Your goal: Every line of the records below from the line with "7 Figures Black" up to and including the line with "Estante para archivos" must be reproduced exactly, and no line outside that range.

Data extract:
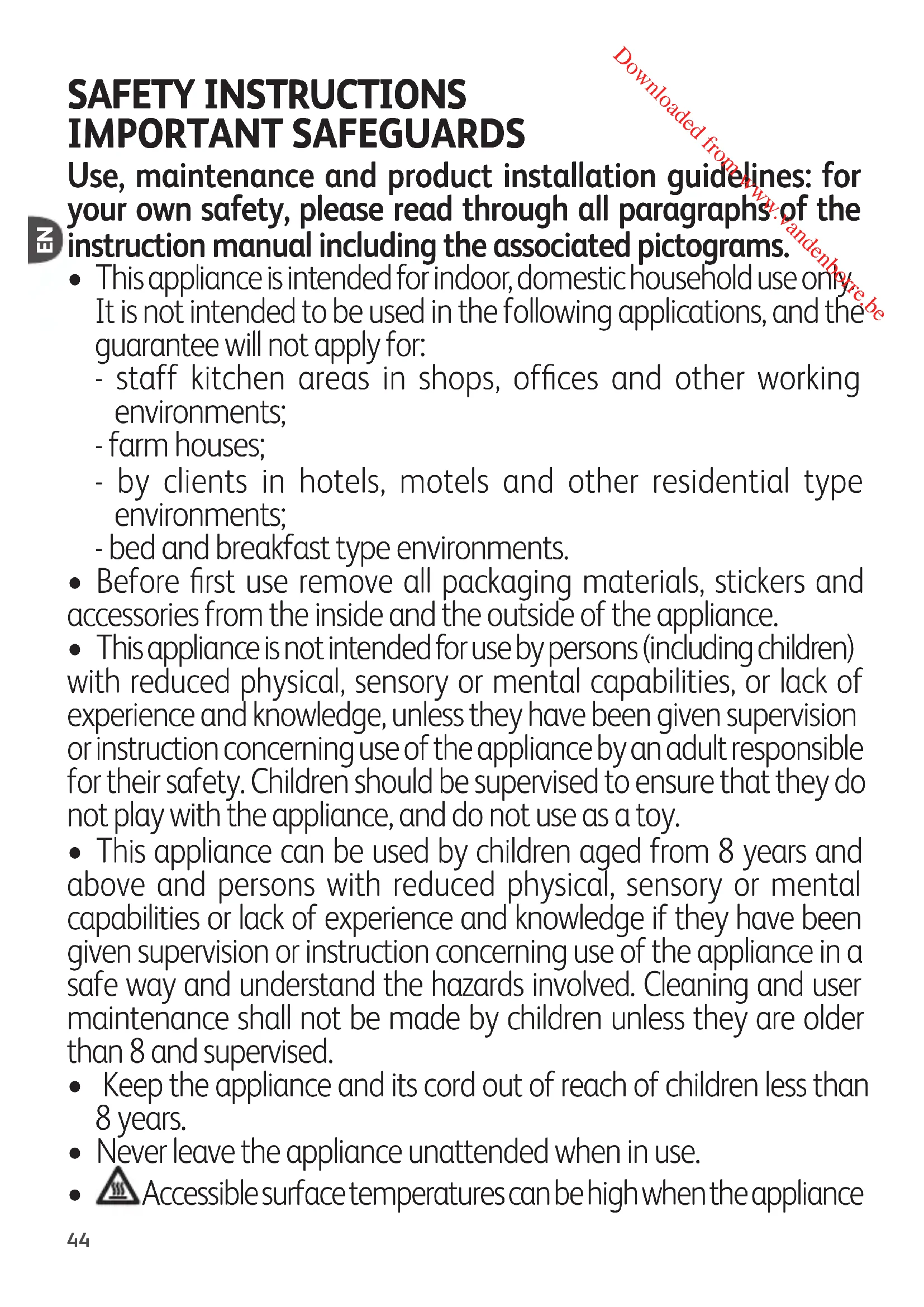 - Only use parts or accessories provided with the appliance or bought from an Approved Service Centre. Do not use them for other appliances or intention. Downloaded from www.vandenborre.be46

==

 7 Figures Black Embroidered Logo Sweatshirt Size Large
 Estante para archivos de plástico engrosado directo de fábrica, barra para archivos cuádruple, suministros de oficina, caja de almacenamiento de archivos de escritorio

---

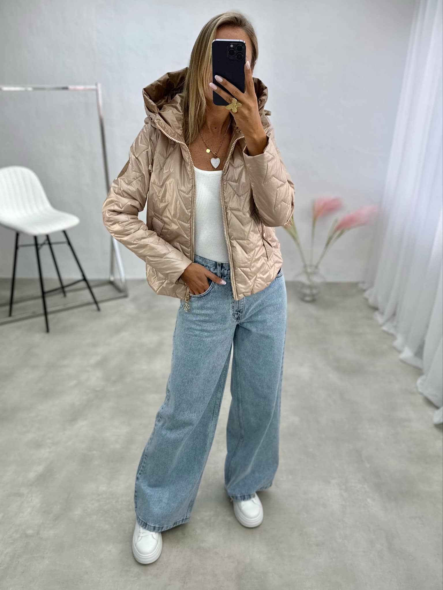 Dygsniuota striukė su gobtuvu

Solution to the exercise:
 7 Figures Black Embroidered Logo Sweatshirt Size Large
 Estante para archivos de plástico engrosado directo de fábrica, barra para archivos cuádruple, suministros de oficina, caja de almacenamiento de archivos de escritorio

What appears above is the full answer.